## Assignment
The pictures must be left out, while the rest of the data is copied exactly.

## Entries provided
# # # # #

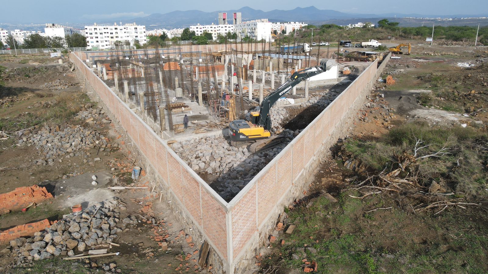 Actualmente, el muro perimetral se encuentra en fase de acabados y se trabaja en el colado de losas para sanitarios y edificios. La techumbre de la cancha ya fue instalada. En total, el plantel ocupará una superficie de 4 mil 220 metros cuadrados y beneficiará a aproximadamente 700 estudiantes.
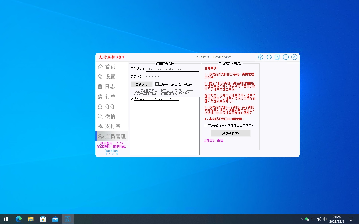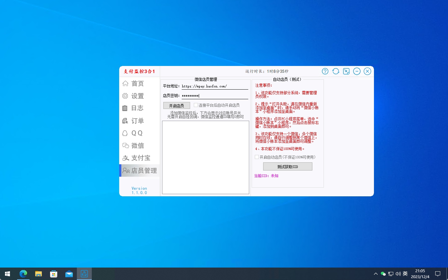 链接平台开启店员管理,店员密钥为:联系客服获取。
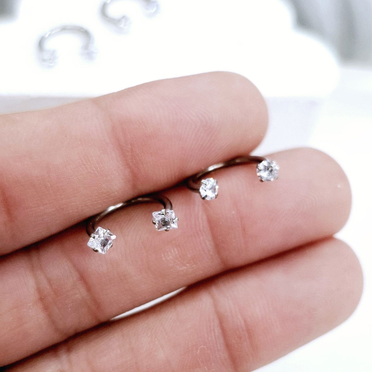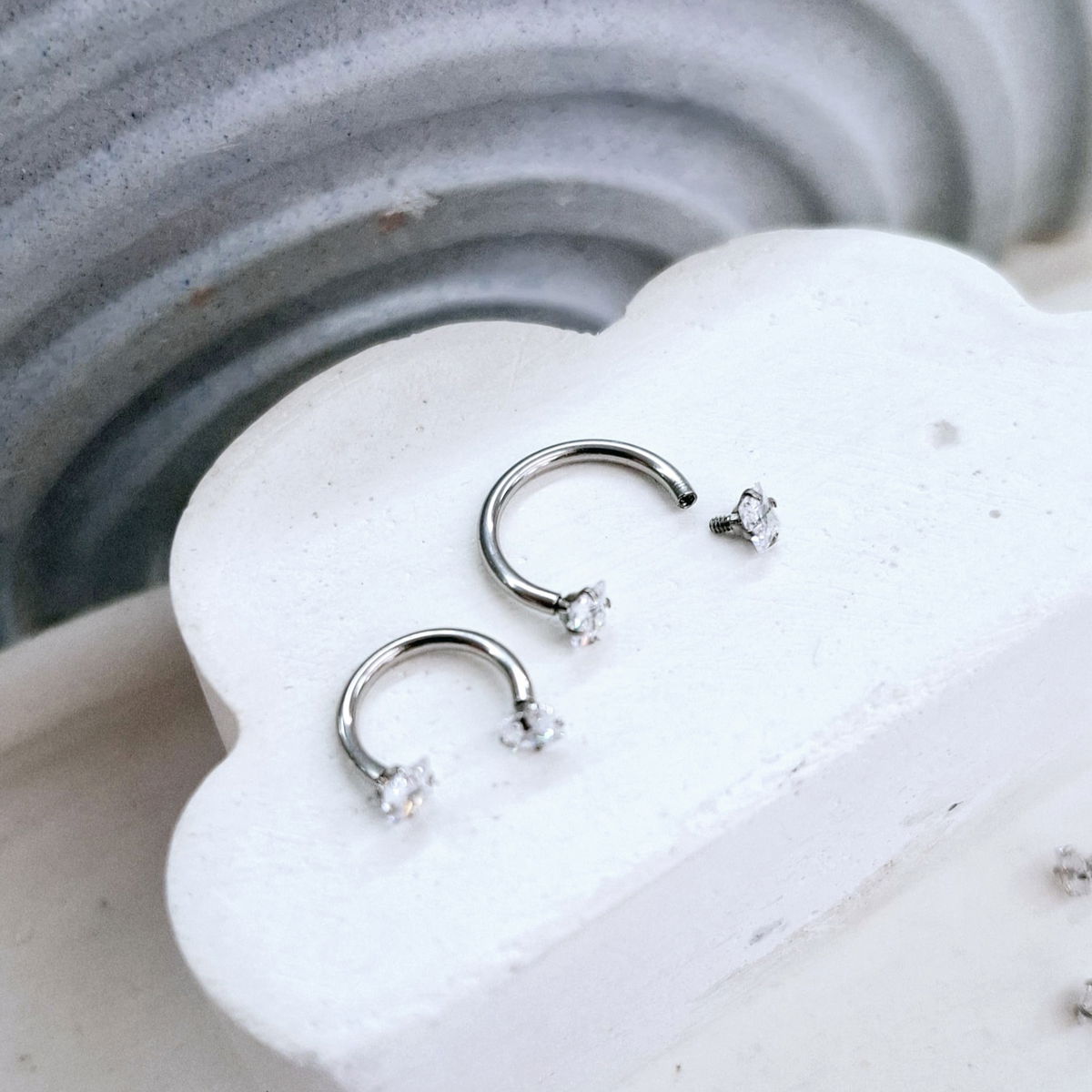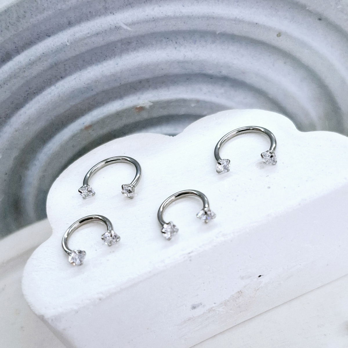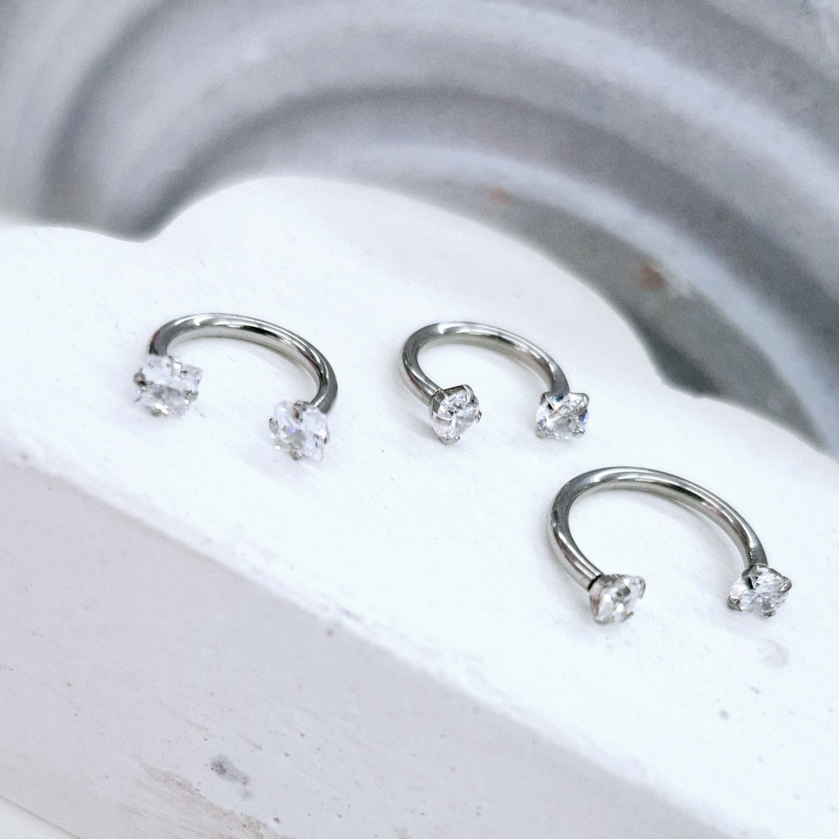 Argollitas de Acero Quirúrgico de 1.2mm de espesor. Con doble strass con rosca interna.
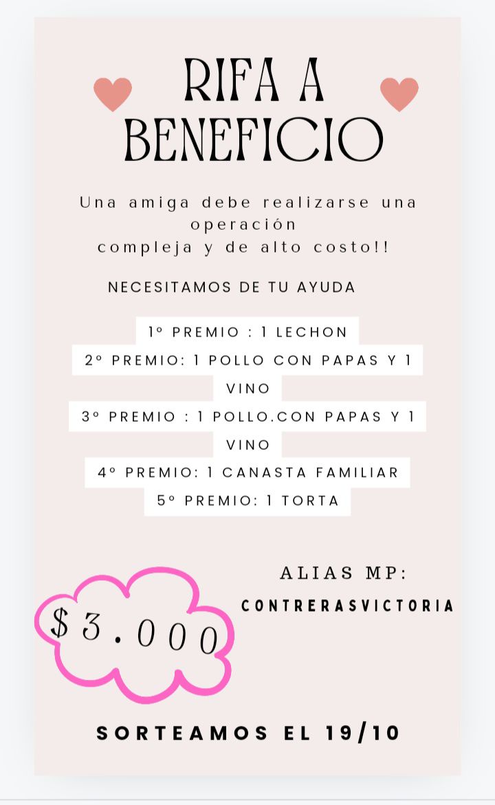 El valor de cada número de la rifa es de $3000 y el sorteo se realizará el próximo 19 de octubre. Quienes deseen colaborar, pueden hacerlo adquiriendo un número o realizando un aporte voluntario a través del alias de Mercado Pago: Contrerasvictoria.
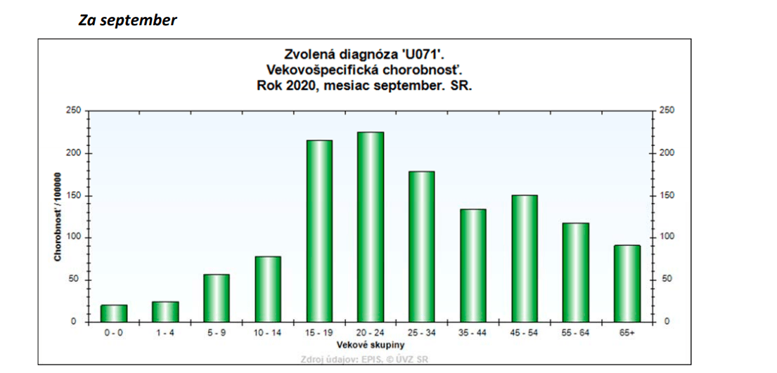 Najväčšia chorobnosť je stále u mladých ľudí od 15 do 34 rokov, v septembri však stúpla chorobnosť aj u starších ľudí nad 65 rokov na 11,5 % oproti 8,5 % v auguste a 5,9 % v júli.
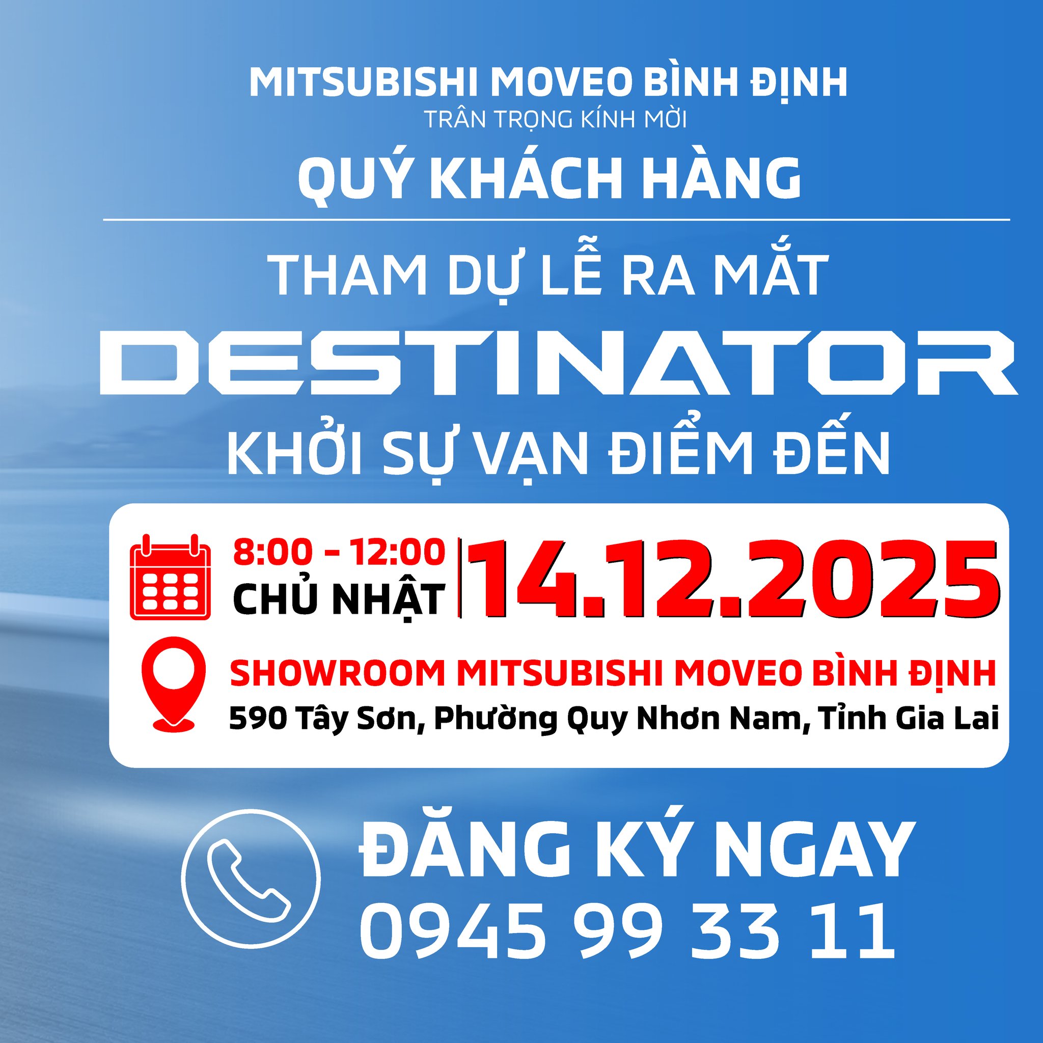 Mitsubishi Moveo Bình Định trân trọng kính mời Quý khách tham dự lễ ra mắt mẫu SUV mới DESTINATOR – biểu tượng cho phong cách sống hiện đại, mạnh mẽ và đầy cảm hứng.
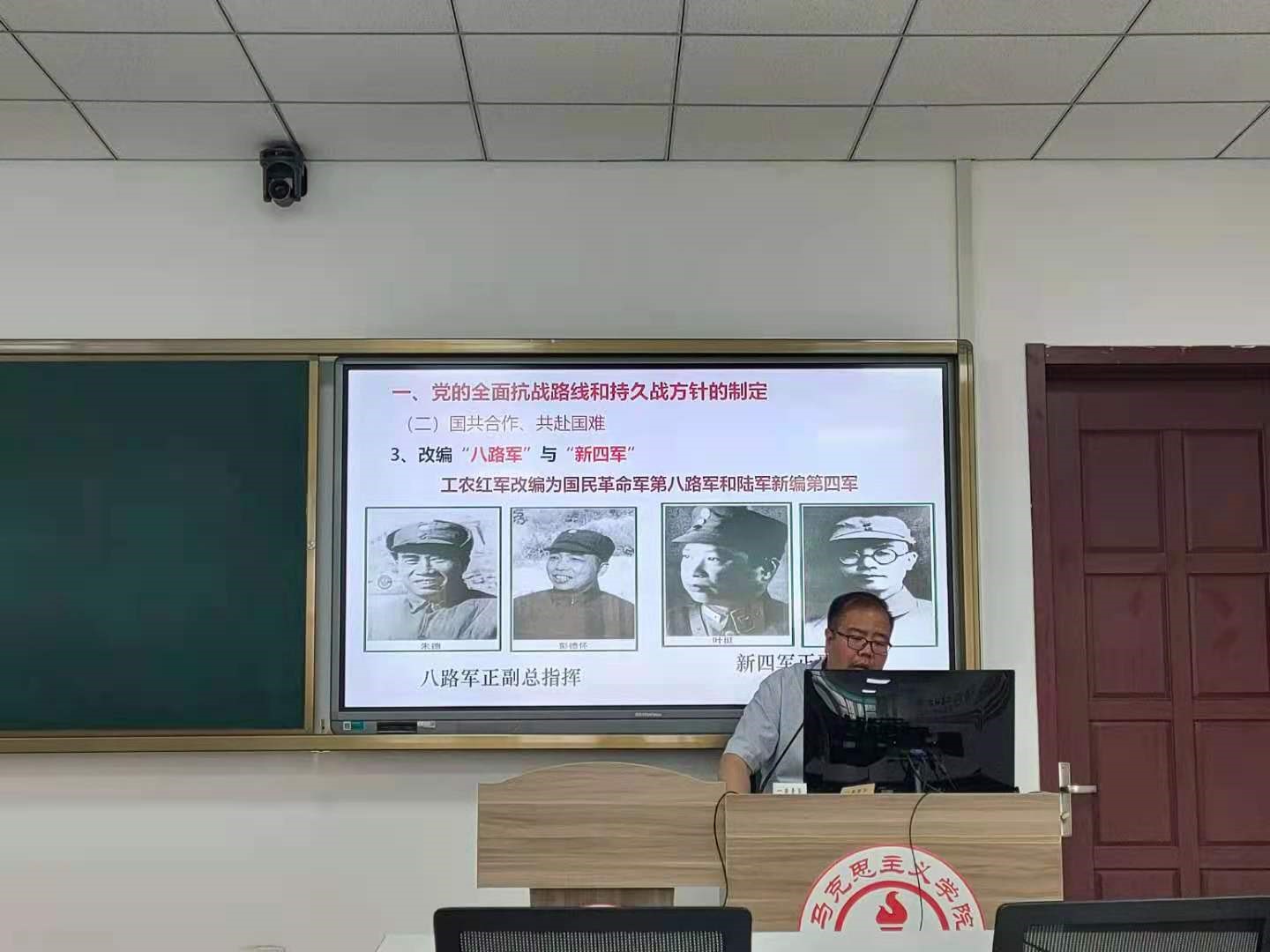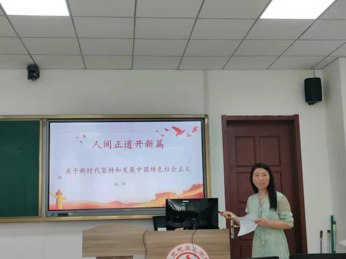 聂鑫同志为教工第一党支部做了“全民族抗日战争的中流砥柱”为主题的讲座。讲座以《中国共产党简史》第三章内容为基础,围绕党的全面抗战路线和持久战方针的制定、开展敌后抗日游击战争和坚持统一战线中的独立自主、坚持“抗战、团结、进步”方针、巩固抗日根据地和推进抗日民主运动、加强党的建设、推进马克思主义中国化和开展整风运动等内容,再现了中国共产党凤凰涅槃、浴火重生的历史新征程。以历史观、大局观鼓励党员同志们延续独立、自由、解放的意志,实现理论与实践的高度统一。赵群同志围绕《习近平新时代中国特色社会主义思想学习问答》第三章内容,重点阐释了“中国特色社会主义进入新时代,新在哪里?”和“为什么说社会主要矛盾发生变化,但我国仍处于社会主义初级阶段?”两个问题,引发党员共鸣,带来理解时代命题的新角度和新方法。
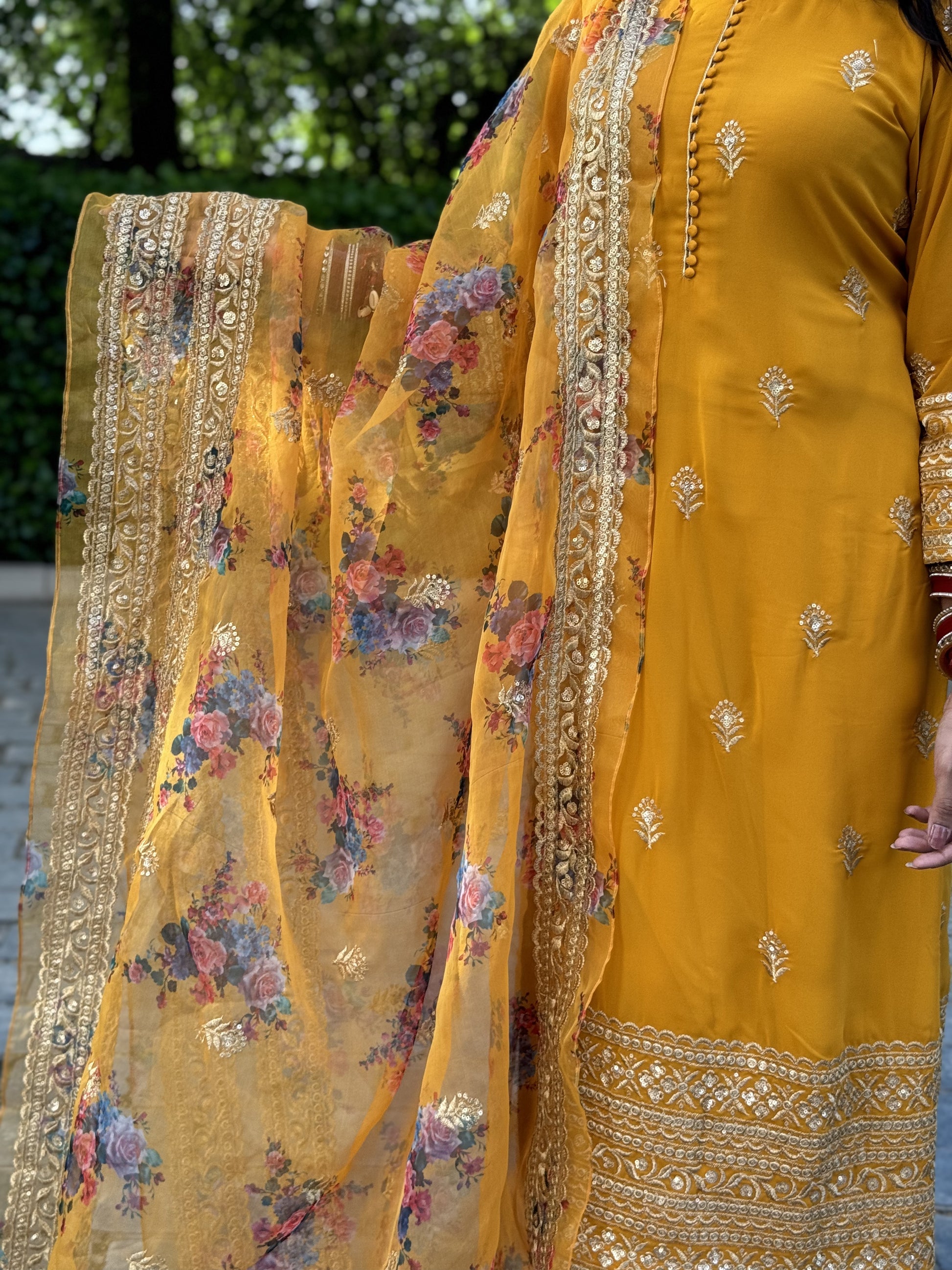 - Fabric: Premium Georgette (Suit), Organza (Dupatta)
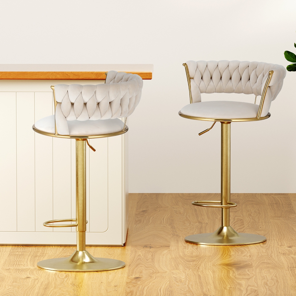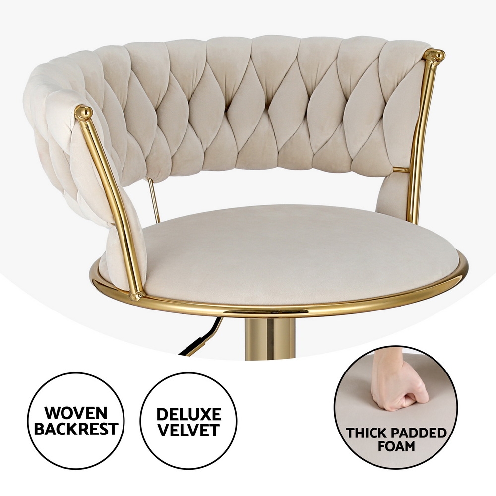 Artiss Vivien 2x Bar Stools - Gas Lift, Velvet Woven Backrest, Adjustable 360° Swivel, Ivory, 150kg Capacity

# # # # #

## Response area
 Actualmente, el muro perimetral se encuentra en fase de acabados y se trabaja en el colado de losas para sanitarios y edificios. La techumbre de la cancha ya fue instalada. En total, el plantel ocupará una superficie de 4 mil 220 metros cuadrados y beneficiará a aproximadamente 700 estudiantes.
 链接平台开启店员管理,店员密钥为:联系客服获取。
 Argollitas de Acero Quirúrgico de 1.2mm de espesor. Con doble strass con rosca interna.
 El valor de cada número de la rifa es de $3000 y el sorteo se realizará el próximo 19 de octubre. Quienes deseen colaborar, pueden hacerlo adquiriendo un número o realizando un aporte voluntario a través del alias de Mercado Pago: Contrerasvictoria.
 Najväčšia chorobnosť je stále u mladých ľudí od 15 do 34 rokov, v septembri však stúpla chorobnosť aj u starších ľudí nad 65 rokov na 11,5 % oproti 8,5 % v auguste a 5,9 % v júli.
 Mitsubishi Moveo Bình Định trân trọng kính mời Quý khách tham dự lễ ra mắt mẫu SUV mới DESTINATOR – biểu tượng cho phong cách sống hiện đại, mạnh mẽ và đầy cảm hứng.
 聂鑫同志为教工第一党支部做了“全民族抗日战争的中流砥柱”为主题的讲座。讲座以《中国共产党简史》第三章内容为基础,围绕党的全面抗战路线和持久战方针的制定、开展敌后抗日游击战争和坚持统一战线中的独立自主、坚持“抗战、团结、进步”方针、巩固抗日根据地和推进抗日民主运动、加强党的建设、推进马克思主义中国化和开展整风运动等内容,再现了中国共产党凤凰涅槃、浴火重生的历史新征程。以历史观、大局观鼓励党员同志们延续独立、自由、解放的意志,实现理论与实践的高度统一。赵群同志围绕《习近平新时代中国特色社会主义思想学习问答》第三章内容,重点阐释了“中国特色社会主义进入新时代,新在哪里?”和“为什么说社会主要矛盾发生变化,但我国仍处于社会主义初级阶段?”两个问题,引发党员共鸣,带来理解时代命题的新角度和新方法。
 - Fabric: Premium Georgette (Suit), Organza (Dupatta)
 Artiss Vivien 2x Bar Stools - Gas Lift, Velvet Woven Backrest, Adjustable 360° Swivel, Ivory, 150kg Capacity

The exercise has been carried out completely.